L’abus, lui peut durer toute une vie. Quelques années ou quelques mois. Quelques jours ou quelques heures. Quelques longues minutes peut-être ? Mais ce que je crois, c’est que dans tous les cas, il aura fallu qu’un accord – d’un tout autre genre que celui validé en mairie – soit conclu entre les deux protagonistes.

Et peut-être le moment est-il venu plutôt que d’accord, de parler de fréquence. Et dire qu’il aura fallu qu’une certaine fréquence soit émise par l’un et capté par l’autre.

La conviction qu’a l’abusée de ne pas mériter le bonheur est une fréquence. La croyance qu’il n’y a pas d’autre alternative possible – ce que le cas échéant l’accord en mairie pourra justifier en est une également. La peur qu’on irradie autour de soi en est encore une autre.

En même temps, cette peur n’a pas besoin d’être aigüe et franche. Elle peut-être chronique ou larvée. Diffuse. On peut l’oublier alors même que l’on y est enfermée.

En fait, la peur est aussi une des matières premières de ce que je vais appeler l’enfer.

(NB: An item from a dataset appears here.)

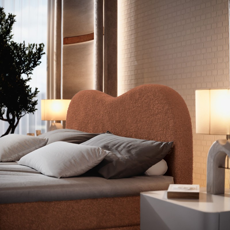 Tkanina Now or Never, którą obito łóżko, wyróżnia się charakterystyczną, pętelkową strukturą inspirowaną materiałami typu boucle. Jej unikalny wygląd nadaje meblowi przytulności, a przy tym jest niezwykle wytrzymała i odporna na mechacenie, co gwarantuje długowieczność nawet przy intensywnym użytkowaniu. Mięsista i gęsta faktura materiału sprawia, że łóżko prezentuje się luksusowo i zapewnia przyjemne doznania dotykowe. FLUVIA to nie tylko estetyka, ale także maksymalna funkcjonalność. Wbudowane pojemne schowki na pościel pozwalają na wygodne przechowywanie kołder, poduszek czy sezonowych tekstyliów, co pomaga utrzymać porządek w sypialni. Dzięki wysokiej jakości materacom, łóżko zapewnia optymalne wsparcie dla ciała, sprzyjając zdrowemu i regenerującemu snu.

L’enfer, ce n’est pas les autres contrairement à ce que d’aucun on put penser.

L’univers, on le découvre en physique quantique est comme une vaste marmite où bouillonnent tous les possibles. Eh bien, voyez-vous, l’enfer, c’est exactement le contraire. Alors qu’il n’est qu’une potentialité parmi un nombre quasi infini d’autres, il voudrait nous faire croire en sa couleur définitive. Dans la langue des oiseaux qui permet de capter la puissance symbolique des mots, on dira que l’enfer-me-ment.

Depuis cet espace trompeur- les propos de celui qui aimerait probablement m’aider, – un travailleur social par exemple ? – n’auront peut-être à mon oreille aucune pertinence.

Dans le meilleur des cas, l’autre ne sait pas. Il ne peut pas savoir. Il n’est pas enfermé. Dans le pire je ne l’entends pas. Depuis mon enfer, j’ai forcément dû croiser plus d’une personne désireuse de venir à mon secours et pourtant il n’en est qu’une dont j’ai gardé le souvenir.

Une seule a semé en moi un germe que je n’ai pas rejeté. Une seule m’a fait le cadeau précieux de reconnaître en moi simultanément le meilleur et le pire. Autrement dit le plomb et l’or.

Vouloir contraindre quelqu’un à découvrir ses qualités, ou la solution à son problème, quand cette personne est totalement dévouée à la réalité qui l’empoisonne, c’est comme lui demander de renoncer à sa seule richesse. Le plomb en elle se sent menacé.

A l’opposé, si je ne suis reconnue que dans ma plainte, ce sera la partie OR même si elle n’a pas été identifiée qui alors se mettra à réclamer.

 

Vous l’aurez probablement compris, ce regard de femme et d’artiste que j’évoquais tout à l’heure est probablement aussi celui de l’alchimiste. On l’est tous à plusieurs niveaux, pourvu que l’on sache reconnaître la double polarité en toutes choses avant même que de savoir convertir. Sauf que votre position à vous est particulière. Elle est privilégiée.

Même si elle a renoncé à tout, la personne que vous aurez peut-être en face de vous, ne pourra pas s’empêcher d’attendre.

Bien sûr, elle attendra probablement une aide matérielle que vous pourrez ou non lui fournir, mais ce qu’elle attendra plus que tout, c’est la formule magique capable de la révéler à elle-même.

Que vous soyez à même de la lui donner ou non, je crois qu’il faut garder à l’esprit que cette formule existe et qu’elle est donc en droit de l’espérer.